Wireline entry guide
This component is often installed at the end of the tubing (the shoe). It is intended to make pulling out wireline tools easier by offering a guiding surface for the toolstring to re-enter the tubing without getting caught on the side of the shoe.
- Schlumberger WEG (pdf) Last accessed: 15-Jun-2011
Perforating and stimulating
In cased hole completions (the majority of wells), once the completion string is in place, the final stage is to make a connection between the wellbore and the formation. This is done by running perforation guns to blast holes in the casing or liner to make a connection. Modern perforations are made using shaped explosive charges, similar to the armor-penetrating charge used on antitank rockets (bazookas).
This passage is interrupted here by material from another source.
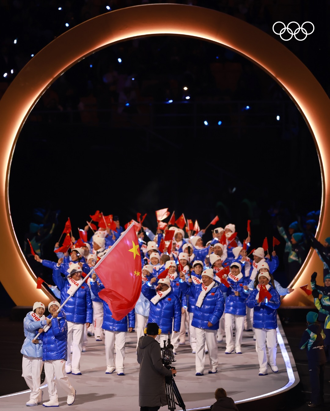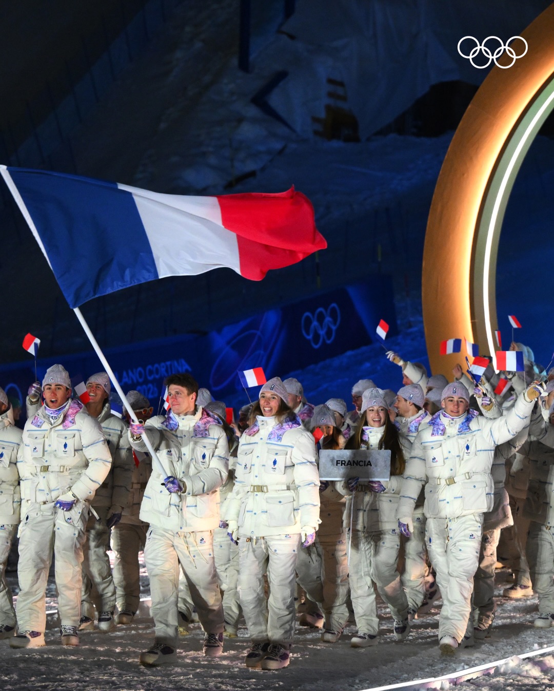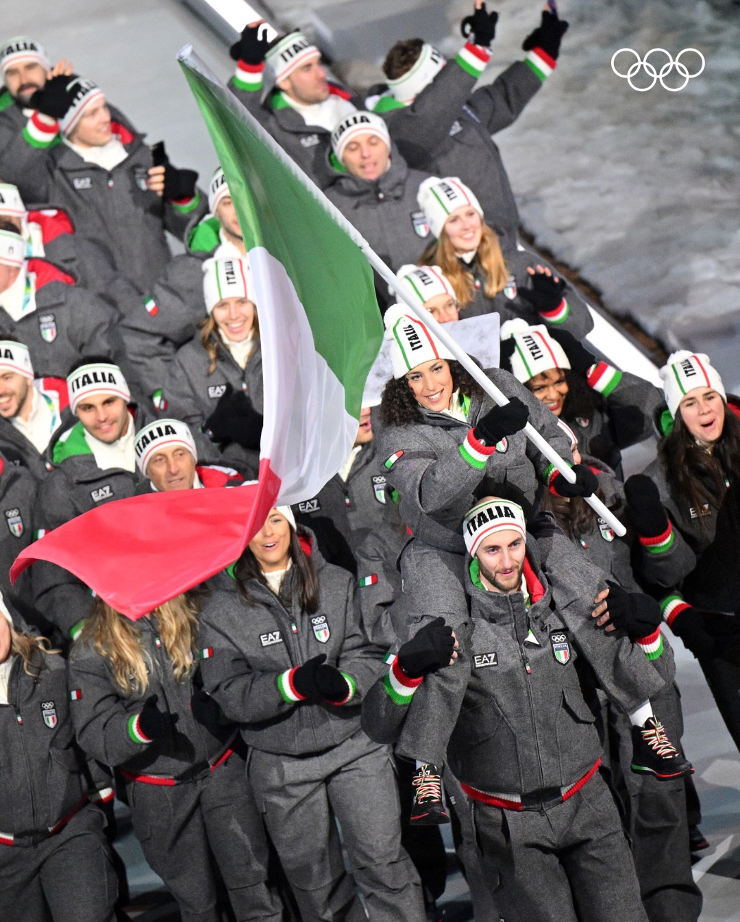 Парад спортсменов также прошёл в новом формате. Делегации выходили одновременно в четырёх городах, при этом каждая сборная могла задействовать двух знаменосцев — по одному на разных площадках. Такой подход позволил включить в церемонию команды, задействованные на удалённых горных объектах. Сборная Италии завершила парад.

Sometimes once the well is fully completed, further stimulation is necessary to achieve the planned productivity. There are a number of stimulation techniques.
Acidizing
This involves the injection of chemicals to eat away at any skin damage, "cleaning up" the formation, thereby improving the flow of reservoir fluids. Acid can also be used to clean the wellbore of some scales that form from mineral laden produced water.
Fracturing
This means creating and extending fractures from the perforation tunnels deeper into the formation, increasing the surface area for formation fluids to flow into the well, as well as extending past any possible damage near the wellbore. This may be done by injecting fluids at high pressure (hydraulic fracturing), injecting fluids laced with round granular material (proppant fracturing), or using explosives to generate a high pressure and high speed gas flow (TNT or PETN up to 1,900,000 psi (13,000,000 kPa) ) and (propellant stimulation up to 4,000 psi (28,000 kPa) ).
Acidising and fracturing (combined method)
This involves use of explosives and injection of chemicals to increase acid-rock contact.
Nitrogen circulation
Sometimes, productivity may be hampered due to the residue of completion fluids, heavy brines, in the wellbore. This is particularly a problem in gas wells. In these cases, coiled tubing may be used to pump nitrogen at high pressure into the bottom of the borehole to circulate out the brine.